**Exercise instructions**
Retype the entries exactly, but skip the pictures.

Saved entries:
----
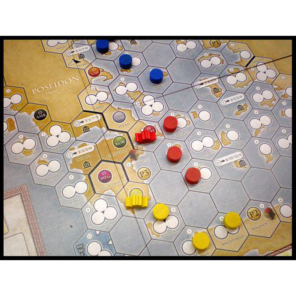 Two to five players act as leaders of different peoples and command them to explore, send out fleets, build trading posts, and generate the highest possible profit. Poseidon contains most of the basics of 18xx games and due to the relatively short running time of two hours is as suitable for 18xx-newbies who want to explore this wonderful world as it is for experienced train gamers.
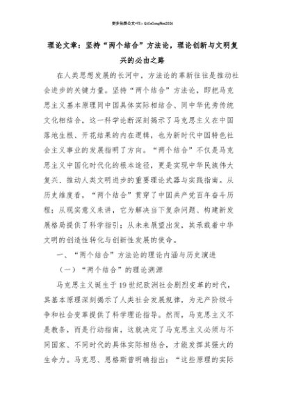 【七哥公文】2025年:【七哥公文】理论文章:坚持“两个结合”方法论,理论创新与文明复兴的必由之路+更多免费公文+VX:QiGeGongWen2024+更多免费公文+VX:QiGeGongWen2024
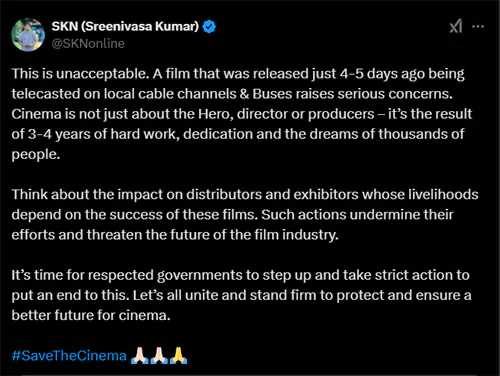 "కేవలం 4-5 రోజుల క్రితం విడుదలైన ఒక చిత్రం స్థానిక కేబుల్ ఛానెల్లు మరియు బస్సులలో ప్రసారం కావడం తీవ్ర ఆందోళన కలిగిస్తోంది. సినిమా అంటే కేవలం హీరో, దర్శకుడు లేదా నిర్మాతలు కాదు. ఇది 3-4 సంవత్సరాల కృషి, అంకితభావం మరియు వేలాది మంది కలల ఫలితం.
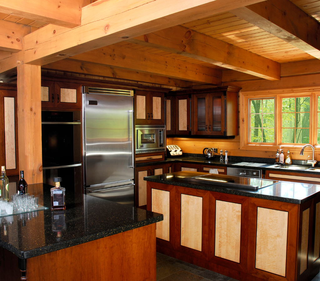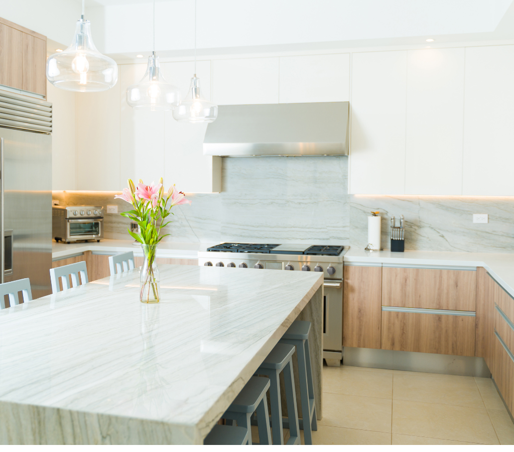 Uma cozinha pode, por exemplo, unir bancadas de quartzo resistentes com armários de madeira para um visual sofisticado e prático.
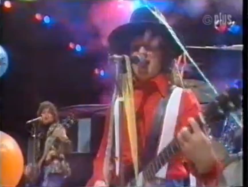 On stage at Supersonic, this sense of shared madness is palpable. From the opening chords, the performance is propelled by a stomping rhythm section, roaring guitars, and Holder’s distinctive, gravelly vocal delivery. The intentional phonetic spelling of the title reflects Slade’s playful and rebellious image at the time, and the chant like chorus was designed for audience participation, turning listeners into active contributors to the performance rather than passive observers.
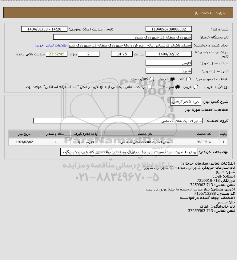 نام دستگاه خریدار:شهرداری منطقه 11 شهرداری شیراز
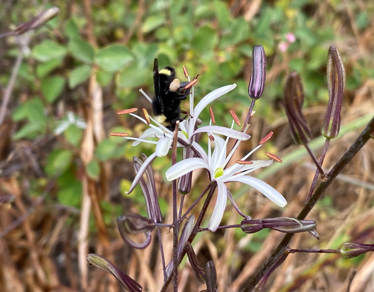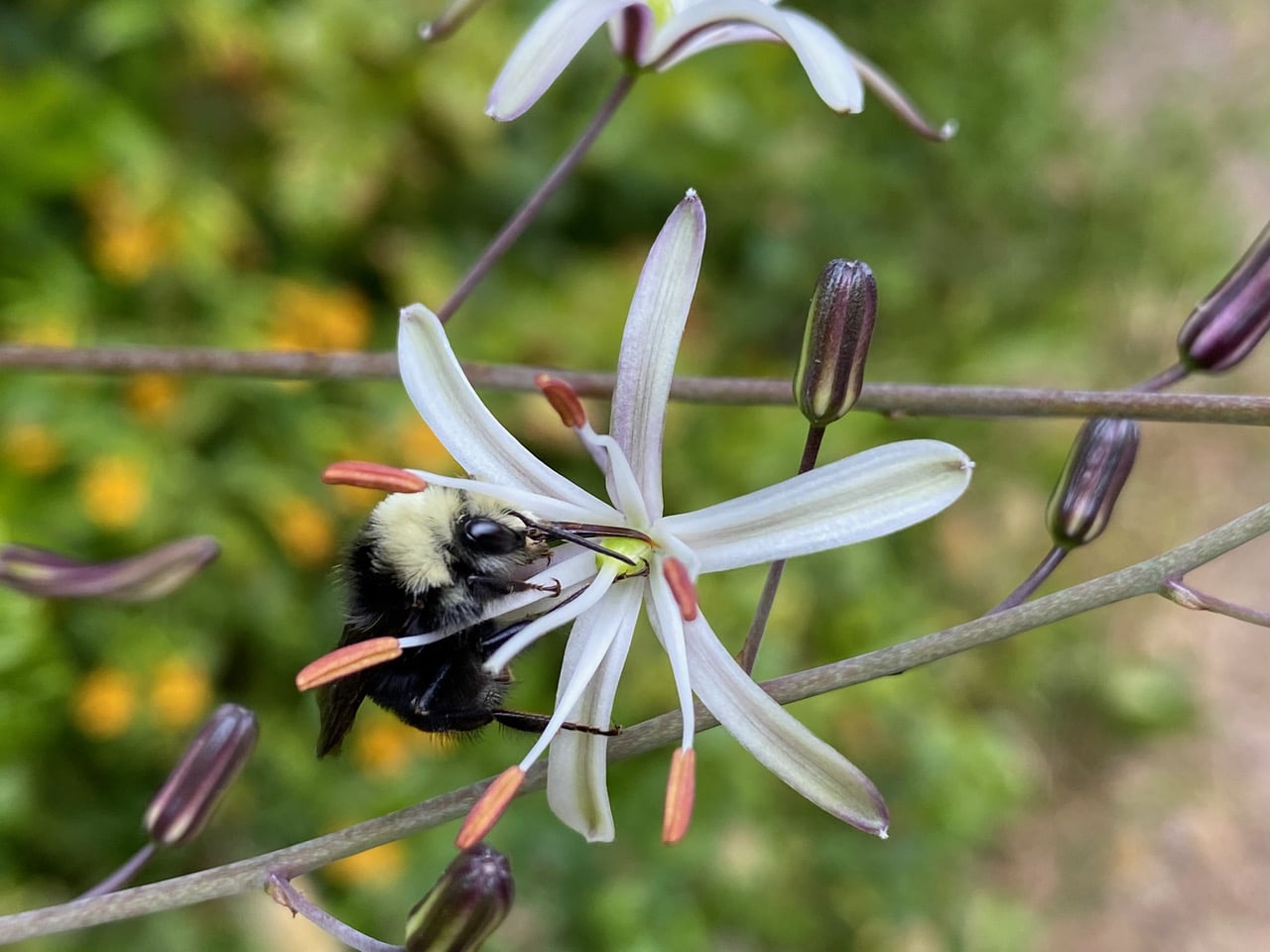 A few Yellow-faced Bumble Bees are flying around the newly open Soap Plant flowers, occasionally landing to take nectar.
----
**Output for this exercise**
 Two to five players act as leaders of different peoples and command them to explore, send out fleets, build trading posts, and generate the highest possible profit. Poseidon contains most of the basics of 18xx games and due to the relatively short running time of two hours is as suitable for 18xx-newbies who want to explore this wonderful world as it is for experienced train gamers.
 【七哥公文】2025年:【七哥公文】理论文章:坚持“两个结合”方法论,理论创新与文明复兴的必由之路+更多免费公文+VX:QiGeGongWen2024+更多免费公文+VX:QiGeGongWen2024
 "కేవలం 4-5 రోజుల క్రితం విడుదలైన ఒక చిత్రం స్థానిక కేబుల్ ఛానెల్లు మరియు బస్సులలో ప్రసారం కావడం తీవ్ర ఆందోళన కలిగిస్తోంది. సినిమా అంటే కేవలం హీరో, దర్శకుడు లేదా నిర్మాతలు కాదు. ఇది 3-4 సంవత్సరాల కృషి, అంకితభావం మరియు వేలాది మంది కలల ఫలితం.
 Uma cozinha pode, por exemplo, unir bancadas de quartzo resistentes com armários de madeira para um visual sofisticado e prático.
 On stage at Supersonic, this sense of shared madness is palpable. From the opening chords, the performance is propelled by a stomping rhythm section, roaring guitars, and Holder’s distinctive, gravelly vocal delivery. The intentional phonetic spelling of the title reflects Slade’s playful and rebellious image at the time, and the chant like chorus was designed for audience participation, turning listeners into active contributors to the performance rather than passive observers.
 نام دستگاه خریدار:شهرداری منطقه 11 شهرداری شیراز
 A few Yellow-faced Bumble Bees are flying around the newly open Soap Plant flowers, occasionally landing to take nectar.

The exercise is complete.